Previous studies have focused mainly on vowel insertion patterns per se in which some words always take an epenthetic vowel (e.g., rope→[lophɨ]), some never do (e.g., group→[kɨrup˺]), and some vary between these two options (e.g., tape→[thɛip˺]~[thɛiphɨ]). Rhee & Choi (2001) conducted a statistical analysis on the frequency of variable vowel epenthesis and Jun (2002) reported on a large-scale experiment involving 260 college students; however, both of these studies simply provided a list of factors affecting the likelihood of vowel insertion while the former relied on standardized written loanword data. Boersma & Hamann (2009) accounted for the phenomenon in terms of an Optimality-theoretic grammar model. Kwon (2017) deals with inter-speaker variation to see if Korean listeners' experience with English affects online adaptation, which is not directly connected to the main interest of the present study. Importantly, none of these studies have provided a phonetic analysis of Korean speakers' productions. Thus, the contribution of this paper is that it pays close attention to acoustic details of the recipient language, finding an answer to unnecessary repair, which is one of puzzling emergent patterns identified in the literature on loanword phonology.

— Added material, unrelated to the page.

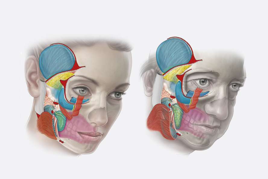 Во время операции по подтяжке лица доктор аккуратно делает надрезы вокруг линии роста волос и ушей, чтобы получить доступ к подлежащим мышцам и тканям. Подняв и подтянув их, можно разгладить морщины, удалить лишнюю кожу и улучшить контур лица. Доступны несколько вариантов фейслифтинга, включая эндоскопическую подтяжку лица, SMAS-подтяжку и спейслифтинг.

Among earlier studies on unnecessary adaptations, Kang (2003) claims that this seemingly unmotivated vowel epenthesis is motivated by perceptual similarity between Korean and English forms. Kang discusses several perceptual factors promoting vowel epenthesis following English word-final postvocalic stops. One of those factors is release of final stops. Korean word-final stops are never released (Sohn, 1999), whereas word-final stops in English are variably released (Byrd, 1992; Crystal & House, 1988). Kang argues that vowel insertion may make the Korean output form perceptually similar to an English final released stop, noting that stop release in English and an epenthetic vowel in Korean are phonetically similar.
Kang (2003) describes vowel insertion pattern in this position based on a survey of loanword list compiled by the National Academy of the Korean Language (1991). Her loanword list contained loanwords from English source words that ended in postvocalic stops. According to her report, the overall frequency of final vowel insertion was 50.3%, that of having no inserted vowel was 43.6%, and that of variable insertion was 6% (Kang, 2003: 229). However, this result might not reflect the recent tendency of loanwords borrowed from English since her list was based on loanwords gathered from books published in 1990.
The current study has built a new corpus consisting of material complied in more recent publications of the National Academy of the Korean Language (2001; 2002). The corpus data is based on 540 Korean loanwords borrowed from English whose source words end in a stop. Out of 540 English words with a final stop, 264 were consistently adapted with final vowel insertion and 214 were consistently adapted without final vowel insertion, while 62 were variably adapted both with and without vowel insertion. That is, the frequency of vowel insertion patterns in the corpus is 49% for vowel insertion, 40% for no vowel insertion, and 11% for optional vowel insertion. This finding shows that vowel insertion is more frequent than lack of insertion, even though final stops are permissible codas in Korean.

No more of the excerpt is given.